▸ Task objective:
A verbatim copy of all the data is required, minus any images.
---------- Data block
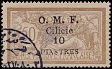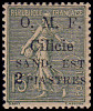 1 Piaster auf 25 Centimes blau, graues Papier |
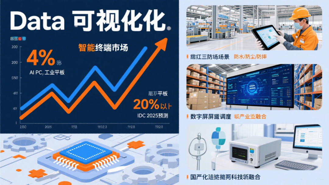 根据IDC数据,2025年中国智能终端市场出货量预计将保持约4%的增长,其中AIPC、工业平板和智能终端的出货量同比增长20%以上。同时,工控设备市场也在持续扩展,尤其是在制造业、智慧物流、医疗设备以及工业物联网领域的应用需求不断增加。这种增长不仅带动了硬件更新换代,也推动了智能终端与工控设备在性能、接口、操作系统和应用场景上的深度融合。
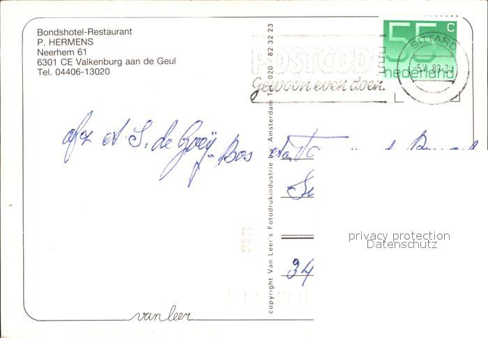 old postcard Valkenburg aan de Geul Hotel Restaurant Hermens postalisch gelaufen Erhaltung siehe scans
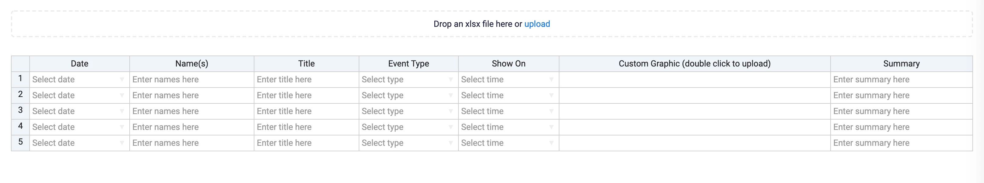 - Summary – Enter a message for the corresponding event. The summary text is displayed beneath the title text on the card display.You may also upload a .xlxs file with event details. The table headers in the file must correspond to the headers in the card editor table shown above i.e. Date, Name(s), Event Type, Show on, Summary. Ensure the Date format is MM/DD/YYYY, while the Event Type and Show on values are exactly the same as displayed in the table drop down for the .xlsx to upload correctly.
--------------------
▸ Answer:
 1 Piaster auf 25 Centimes blau, graues Papier |
 根据IDC数据,2025年中国智能终端市场出货量预计将保持约4%的增长,其中AIPC、工业平板和智能终端的出货量同比增长20%以上。同时,工控设备市场也在持续扩展,尤其是在制造业、智慧物流、医疗设备以及工业物联网领域的应用需求不断增加。这种增长不仅带动了硬件更新换代,也推动了智能终端与工控设备在性能、接口、操作系统和应用场景上的深度融合。
 old postcard Valkenburg aan de Geul Hotel Restaurant Hermens postalisch gelaufen Erhaltung siehe scans
 - Summary – Enter a message for the corresponding event. The summary text is displayed beneath the title text on the card display.You may also upload a .xlxs file with event details. The table headers in the file must correspond to the headers in the card editor table shown above i.e. Date, Name(s), Event Type, Show on, Summary. Ensure the Date format is MM/DD/YYYY, while the Event Type and Show on values are exactly the same as displayed in the table drop down for the .xlsx to upload correctly.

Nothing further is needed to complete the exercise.